Wow, you were hard core! My faves: All My Children, One Life and a long time ago, Another World. Tried to watch GH but never could get into it. Ironically for me, that’s the only one that survived the hatchet. One Life ends in January. You might want to watch it online at abc.com just to see how it wraps up all those story lines. Some of the old characters are still around–Viki, Dorian, Clint, etc. For old time’s sake might be worth it.
Hey, Paul, just to let you know that you can now read my post about the soaps. Let me know what you think!
I have never had the desire to be called for jury duty-I did one time and due to surgery-they had to put my name back in the hat ! I hope it stays in the hat ! 🙂
Well, I’ll keep my fingers crossed for you. But really, it’s an eye-opening lesson on how the system works. And the way I look at it, it’s fodder for my blog! 😉
I’ve only been called for jury duty once, and managed to get out of it as a single mother (sole support of my three children at the time)…I hope not to be called again any time soon!
Wendy
Yeah, I know how that goes. I actually was called for jury duty once when my kids were young, and, as a single mom, I got excused, too.
You’ve made me laugh out loud! I even read this to my home schooled, senior in high school daughter. (We’ve just read To Kill A Mockingbird, and she played juror # 3 in 12 Angry Men (& Women) in this case). Bravo! Excellent post again!
I’m so glad you and your daughter enjoyed my post. I love to hear when folks find what I write funny. How cool that your daughter got to play juror #3! 🙂
Be careful what you wish for, Monica. I always wanted to serve on a jury trial, too, a fascinating one, albeit only for a day or so I ended up on a five-week gang murder trial that left me stressed and anxious. I wish you much luck getting something in between, an interesting case without any emotional distress.
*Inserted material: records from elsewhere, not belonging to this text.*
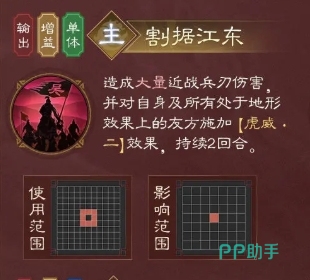 孙权的一个主动技能叫做割据江中,割据江东这一技能是孙权在近战中的利器,当他发动这一技能时,带来的是兵刃类型的伤害,还可以把虎威这个增益效果施加给队伍里其他的成员,这种效果会持续两回合,在虎威的影响下,被影响的目标伤害减免能力会得到提升,格挡几率也会大幅上升。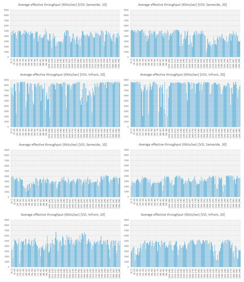 Figure 16 shows the average values of the Kbytes transferred, while Figure 17 shows the average effective throughput received. As it can be observed from Figure 16, the location on the same side of the antennas (either V2V or V2I) results in a lower data transmission rate. The best transmission results are obtained when the transceivers (V2V or V2I) are located on the opposite sides (in front). V2V communication provides an average data transmission noticeably better than V2I. However, the use of a greater bandwidth (10 and 20 Mbps) on the transmission threads does not seem to influence too much the number of bytes received. 1808 Kbytes are received on the V2V-Infront case, while 1102 Kbytes are received on the V2I-Infront case. Worst values are obtained on V2I-Sameside (741 Kbytes) and V2V-Sameside (974 Kbytes). The analysis of the effective throughput received (see Figure 17) shows a similar pattern, so we can conclude that V2V-Infront is the best configuration and V2I-Sameside provides the worst results.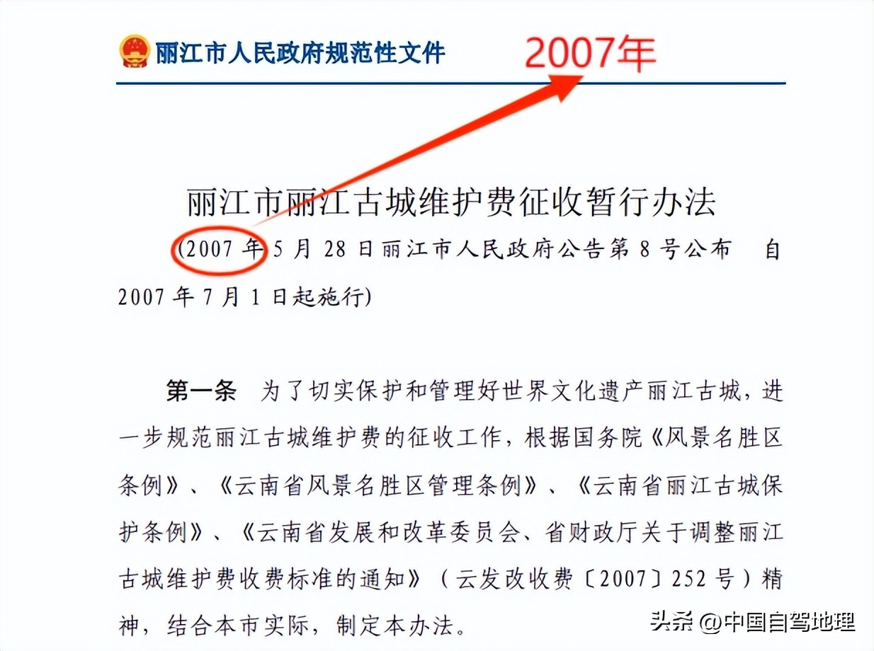 1、冷知识:“古维费”已收24年各位在开怼之前,必须要先搞清楚,这次官方所发布的《丽江市丽江古城维护费征收管理办法》,不是新规,而是自2007年(正式出台),乃至2001年就已经开始了。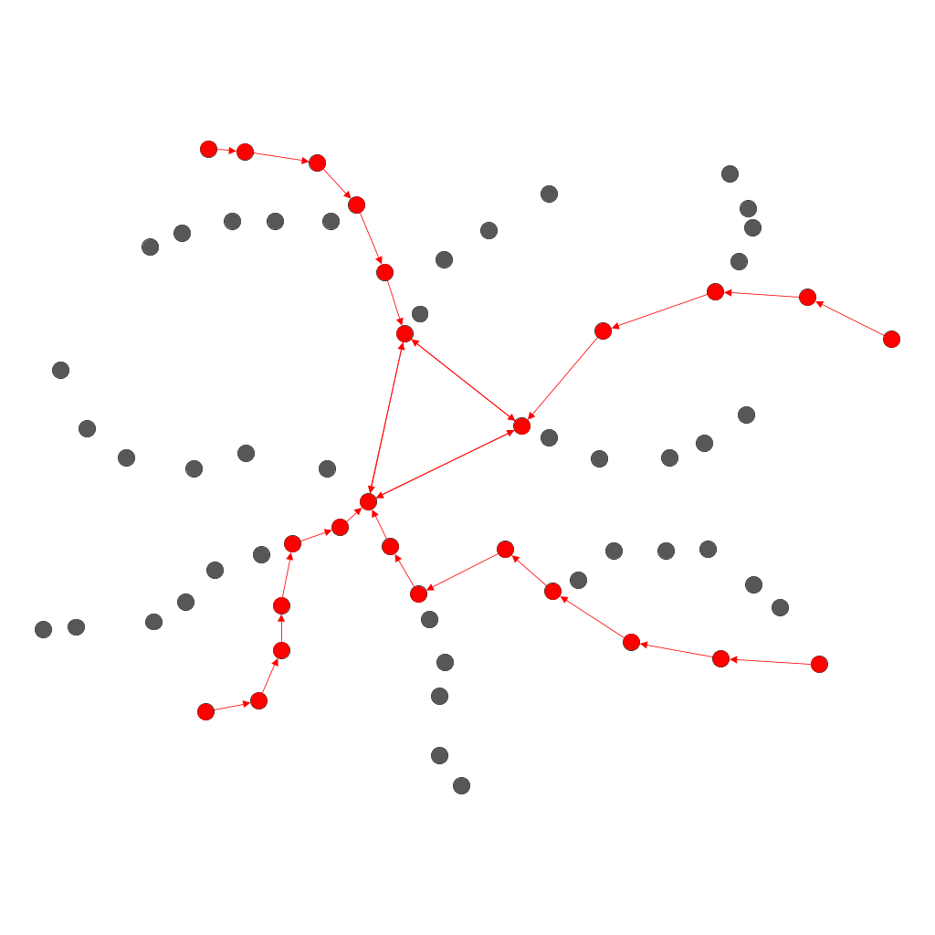 理想情况下,我的最终结果是,灰色节点只表明我只对n个最出现的路径感兴趣。在这种情况下,这4条通往中心的红色路径: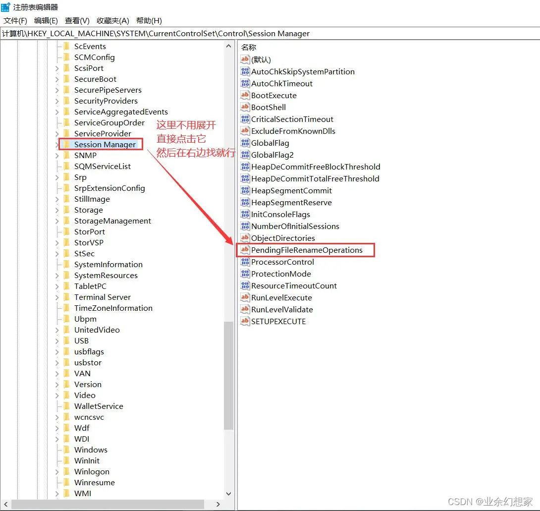 在刚刚展开的列表里面找到 Session Manager ,在右边找到 PendingFileRenameOperations 鼠标【右键】-【删除】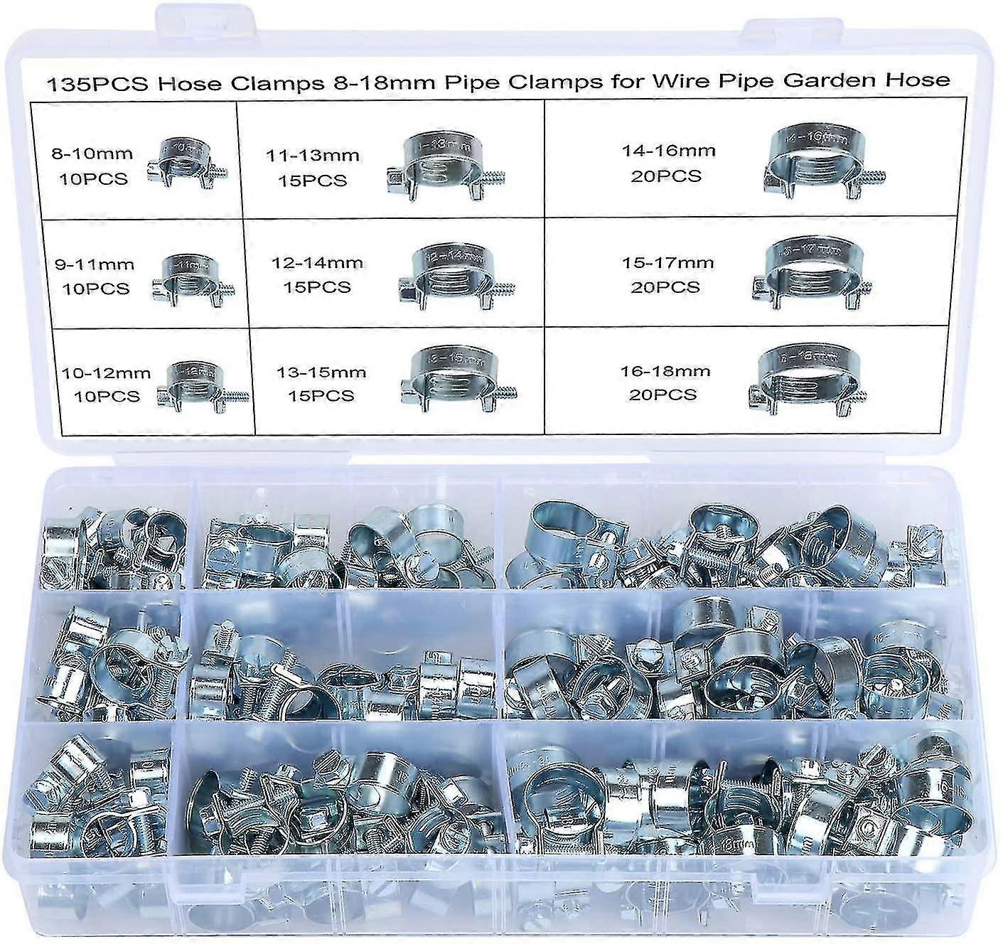 135pcs Hose Clips Spring Clip Hose Clamps Zinc Plated Clip Clamps For Washing Machine Wire Cable Garden Hose (8-18mm) Hy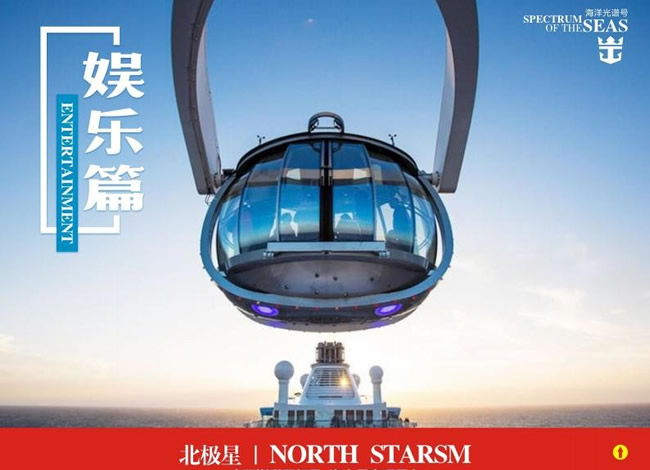 剛剛結(jié)束了岸上觀光, 您有點(diǎn)兒累了?那選擇皇家海洋光譜號(hào)上的【南極 球】感受離開地心引力的刺激, 或者去【皇家大劇院】看一場(chǎng)頂尖的經(jīng)典歌舞 表演吧,讓您在船上就能看到正宗的百老匯表演。還可以靜靜的在【日光浴場(chǎng)】 享受一個(gè)悠閑的下午, 或者和愛(ài)人去【悅音廳】靜聽藍(lán)調(diào)布魯斯的悠揚(yáng), 漫步 舞池!晚上的【 270°觀影廳】會(huì)為大家提供全息數(shù)碼投影, 讓乘客體驗(yàn)引人入 勝的跨界表演和燈光秀。還可以參加船上的各種娛樂(lè)活動(dòng)、興趣課程、健身運(yùn) 動(dòng)、游泳、沖浪、登上北極星等。還可以看電影、或者到娛樂(lè)場(chǎng)開心一把。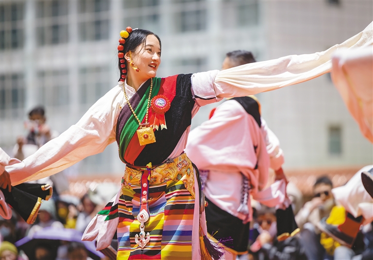 身著特色藏族服飾的巴青縣群眾在“鄉(xiāng)村振興 那曲奮進(jìn)”傳統(tǒng)舞蹈大賽上表演舞蹈。萬靖 攝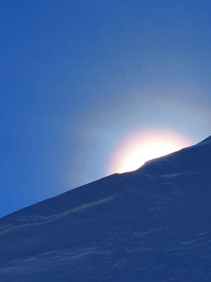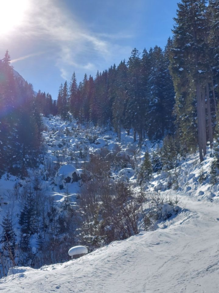 Abfahrt: Der Pulverschnee ist zum Teil windbearbeitet, aber noch gut zu fahren. Leider ist halt alles verfahren durch die vielen Tourengänger. Die Abfahrt auf dem Waldweg ist wie eine Skipiste und durchgehend schneebedeckt.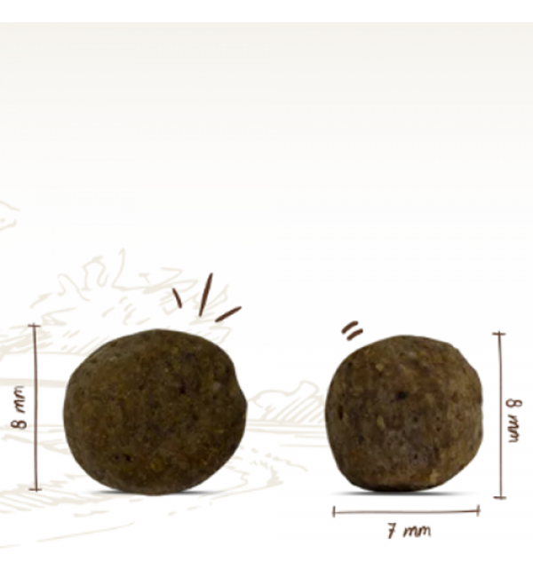 Состав: Свежая птица (25%), рис, кукуруза, просо, птичий белок (сушеный), клетчатка, сухой жом свеклы (обессахаренный), кукурузный белок (сушеный), гидролизат белка, горох (сушеный), рыбная мука, льняное семя, дрожжи ( сушеные, 0,1% маннанолигосахаридов, 0,06% бета-глюканов), рыбий жир, хлорид калия, хлорид натрия, зеленогубые мидии (сушеные, 0,1%), цикорий (сушеный).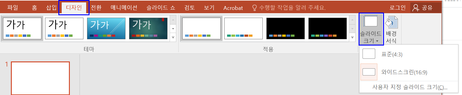 디자인 > 슬라이드 크기 > 원하는 비율 선택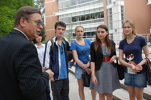 在焦方太的陪同下,总领事一行参观了我校的文化广场及图书馆,并与我校俄罗斯留学生亲切会面。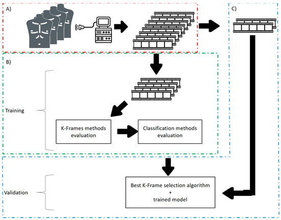 Main steps of the proposed work. (A) Data are acquired in the Emergency Department of the San Matteo Hospital to create a dataset of Lung UltraSound clips. (B) Part of these clips are selected as training set. These videos are also augmented to enlarge the training set. In this phase, different key-frames selection algorithm and classification techniques are evaluated. (C) The best key-frame selection algorithm and the best classifier are validated through the test set.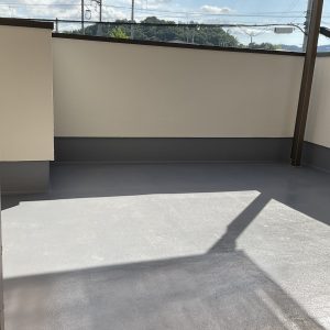 H邸 ベランダ工事新しくネダを組み、その上に24ミリ合板を引き詰め、防水塗装。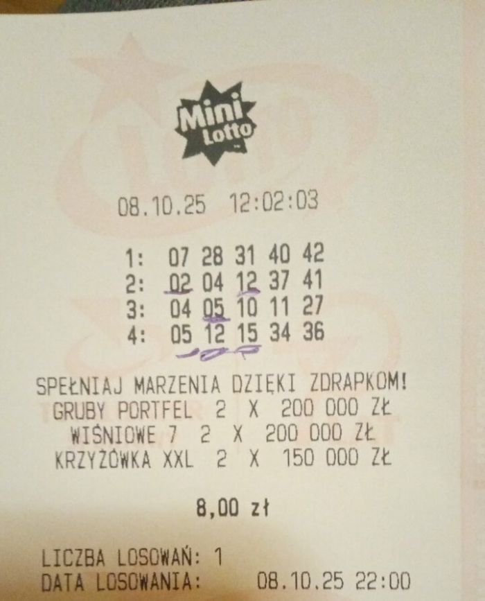 Liga multipasko WRZESIEŃ 2025 - miejsce 63 - 520 pkt.więcej ...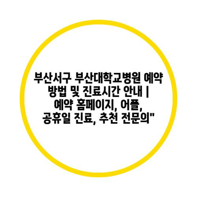 부산서구 부산대학교병원 예약 방법 및 진료시간 공지 | 예약 홈페이지, 어플, 공휴일 진료, 추천 전연락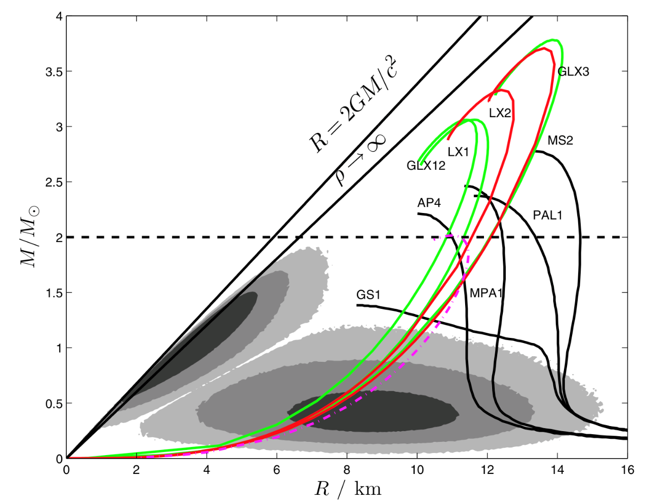 | 观测对双星4U 1746-37中致密星质量和半径的限制(图中深灰色区域的置信度达68%),并跟模型推测的质量半径曲线作对比。彩色实线由夸克集团星模型给出,而黑色曲线根据传统中子星模型得到。 |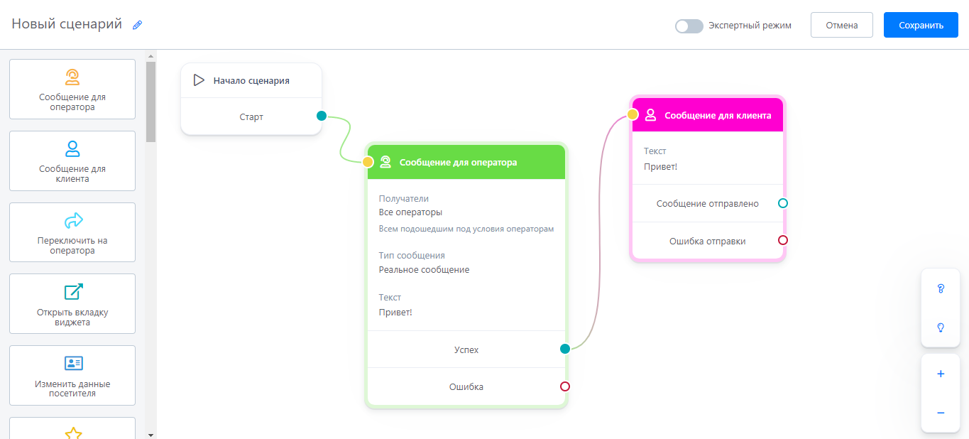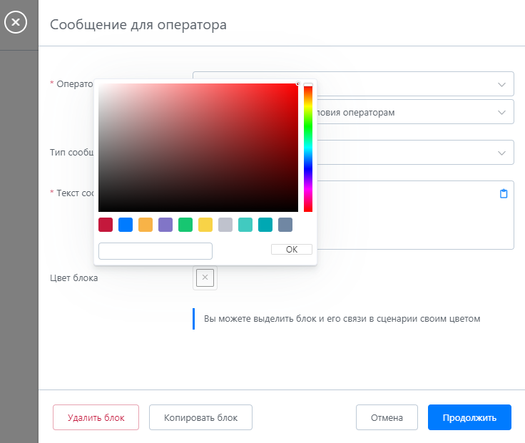 Теперь вы можете выбрать отдел операторов, который получит сообщение.

Good point! Now, I’m worried.
I will never be chosen because, I’ve been a victim of a crime, have a murdered family member and a family member who was sexually assaulted. Darn because I’ve always wanted to be on one.
I’m sorry to hear that. But I’m proud of you that you want to serve. Many get called and finagle themselves out of it. I’ll be post it so you live vicariously through me!